Les auteurs ont eu beau jeu d’opposer aux dires de « l’islamophobe au service de la Restauration sarkozyste » (Gouguenheim), un certain nombre de réalités, et non des moindres : nous ne savons rien ou presque du « fameux » Jacques de Venise, et rien ne prouve l’existence d’une véritable Ecole de traducteurs au Mont-Saint-Michel ; on doute même aujourd’hui de Gérard de Crémone et de la « soi-disant Ecole de Tolède », alors !…. Peut-on prendre au sérieux les affirmations d’un auteur qui n’est ni helléniste, ni hébraïsant ni arabisant, qui à l’évidence exagère l’importance du rôle des syriaques (chrétiens), dans la transmission des œuvres d’Euclide, de Platon et d’Aristote en arabe ? Il y avait donc une demande ? De qui? Et pourquoi ? Restons-en là, et songeons plutôt à l’Ingénu de Malebranche : « il paraît avoir écrit la moitié de son livre avec sa raison et l’autre avec son imagination et ses préjugés ». Et revenons au livre : il le mérite, lui.

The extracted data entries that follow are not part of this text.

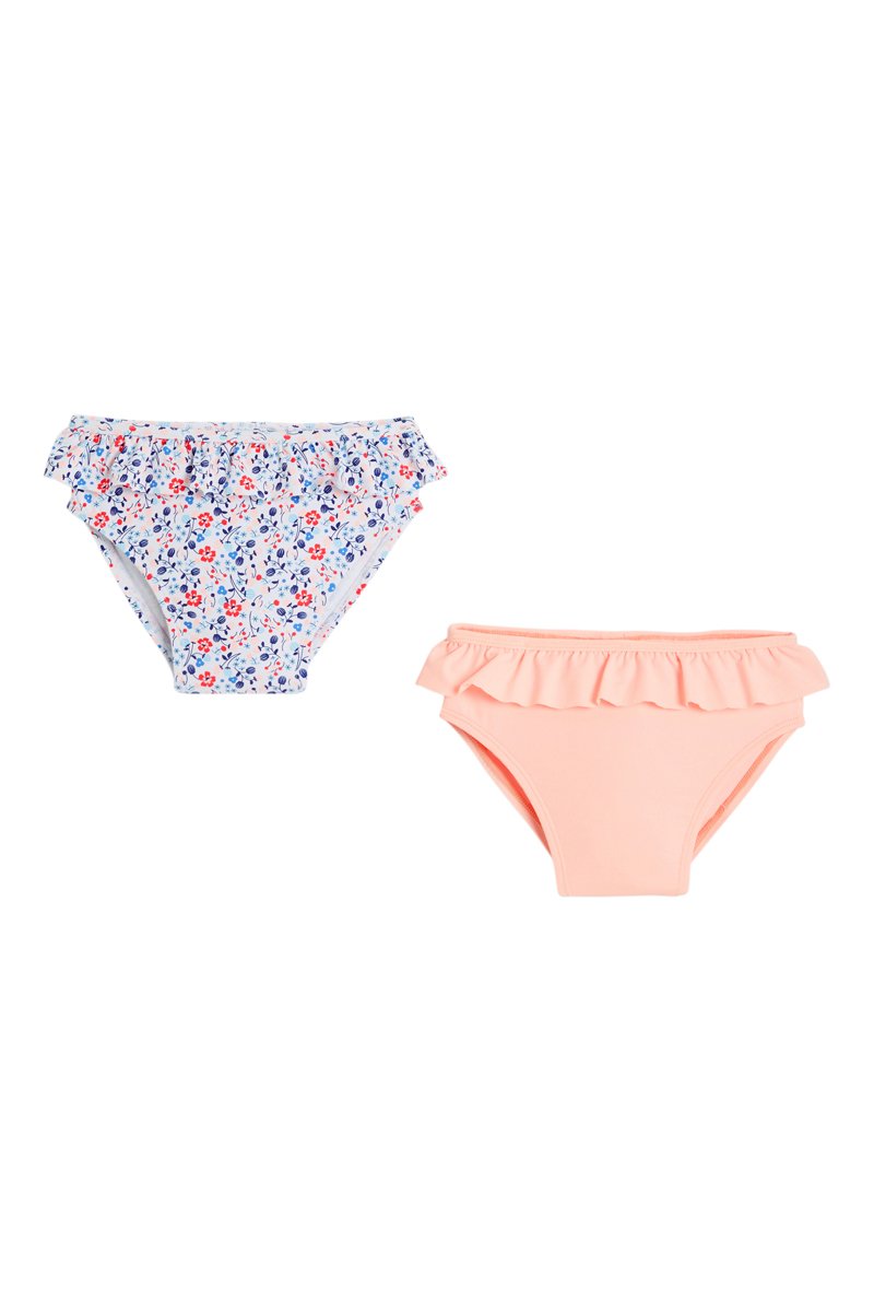 2 partes de baixo de biquíni 1 das quais com estampado de flores.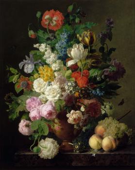 Vase of Flowers, Grapes and Peaches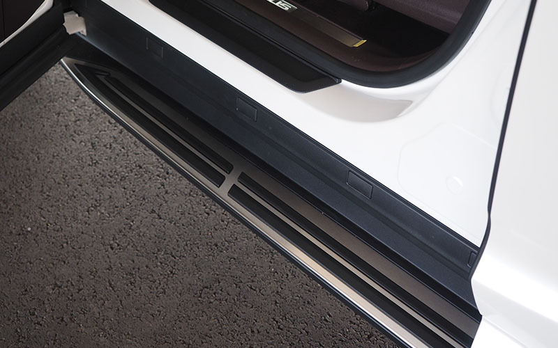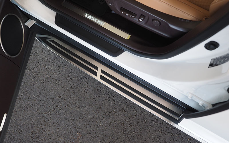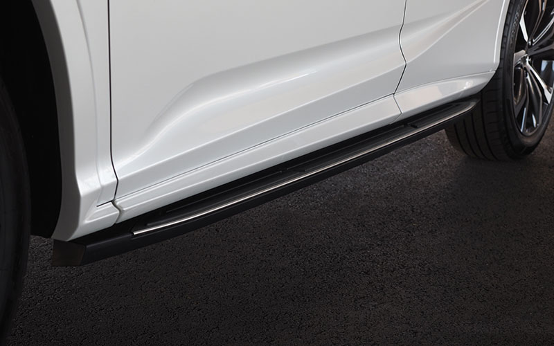 LEXUS RX200t/RX450h全車装着可能なランニングボードとなります。レクサス NXと比べるとフロアの高さが高いために乗り降りしにくいという欠点から採用したのですが、エクステリアパーツとしてファッション性にも優れています。純正サイドステップを同色にして見飽きてくると、もう一つワンポイントが欲しいと感じていたのですが、ランニングボードのシルバーラインが際立ちアクセントとなります。主張し過ぎないデザインである事から全体のバランスとしてマッチしています。もちろん、実用性は間違いなく、女性の方やお子様が乗り降りする時に重宝します。フロアマットまで違和感なく1歩目を出せる身長の方であれば良いのですが、届かない方はスカッフプレートに直接乗る事が多いかと思います。スカッフプレートは室内ですので、汚れて見窄らしくなるのが気になる方に、ランニングボードであれば2歩目がフロアマットになりますので、室内が汚れる心配がありません。ランニングボードは室外ですから、洗車時に一緒に洗うことが可能です。実用性とファッションを兼ね揃えたランニングボードをご検討ください。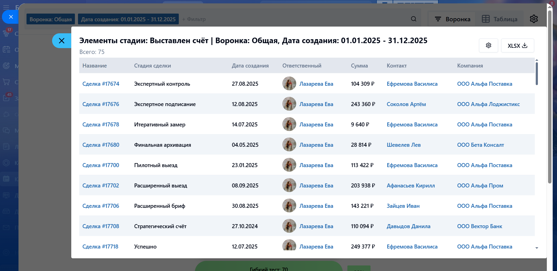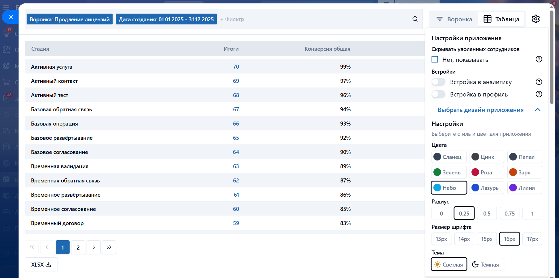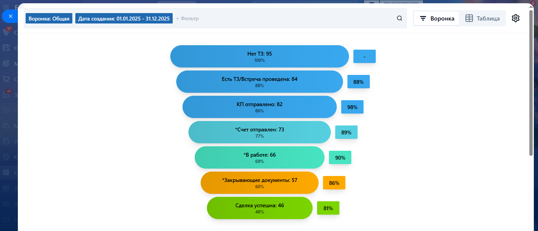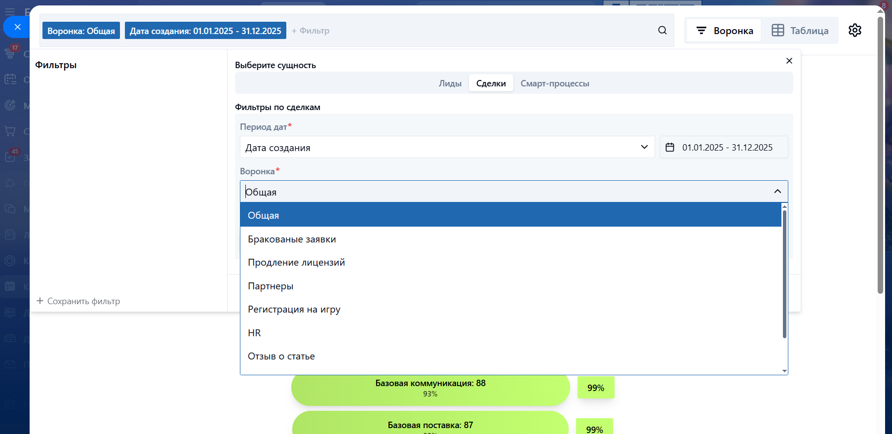 - Конверсионные воронки в сущностях: лиды, сделки, смарт-процессы;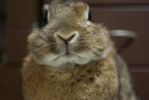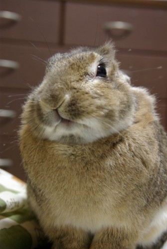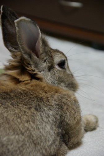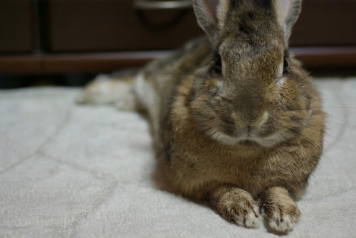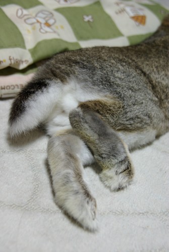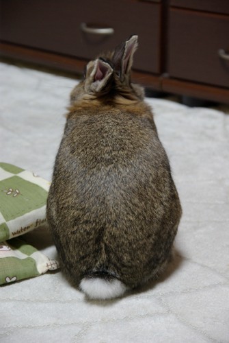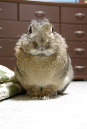 ●2008.02.23 うさぎにも生活のリズムがあるようで、見ていて面白いと思うことがあります。 まずは一緒に起きて真似してご飯(牧草)。その後まったりして朝ご飯の時間。その後放牧中はストーカー。 午後の誰もいない時間はお昼寝かな。夫が帰宅して放牧すると午前とは違ってまったりタイム。 まったりが寝る前まで続き、寝る前に元気に走り出す・・・・。 ちーの一日はそんなかんじなのです。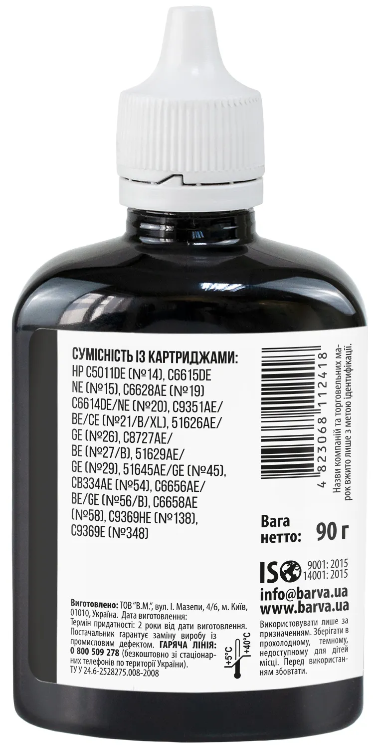 Украинская компания ООО «В.М.» занимается производством чернил под торговой маркой Barva уже много лет. На базе собственной лаборатории осуществляется как разработка новых формул, так и непрерывный контроль качества выпускаемой продукции. При производстве чернил производитель следует стандартам ISO 9001:2015 и ISO 14001:2015.

    Après une introduction des quatre directeurs de l’ouvrage, encore fort polémique épinglant une dernière (?) fois les insuffisances scandaleuses du livre, puis un premier chapitre  (« Qui connaît Jacques de Venise ? une revue de presse ») rappelant la chronologie de la querelle (de l’article initial de Roger-Paul Droit dans le Monde des livres du 4 avril 2008, des articles successifs de Wikipedia, du Monde diplomatique, de l’Express (surprenant Jacques Le Goff, moins surprenants Christian Makarian et Rémi Brague !), du Figaro et bien d’autres, les chapitres suivants s’attachent à démontrer - et ils y réussissent le plus souvent - l’inanité des thèses avançées par Gouguenheim. Ainsi de la soi-disant incompatibilité de l’islam et de la science : la rationalité ne fut le fait que du seul Occident grec, puis chrétien. CQFD. A quoi Hélène Bellosta oppose non seulement les nombreuses traductions de traités mathématiques, philosophiques, médicaux, mais aussi l’œuvre de Thâbit ibn Qurr, des Banû Musa, d’Al Khwârizmi, et de conclure :  « sans les mathématiques arabes, l’œuvre de Fibonacci, plus tard celle des grands italiens (Cardan, Tartaglia, Bombelli), plus tard encore de Viète et de Fermat n’auraient pas vu le jour. » . La démonstration aurait pu s’étendre à la médecine, laissée de côté ici (mais nous avons les travaux des historiens américains, de Danièle Jacquard et  Françoise Micheau, deux des « bêtes noires », il est vrai, de Gouguenheim).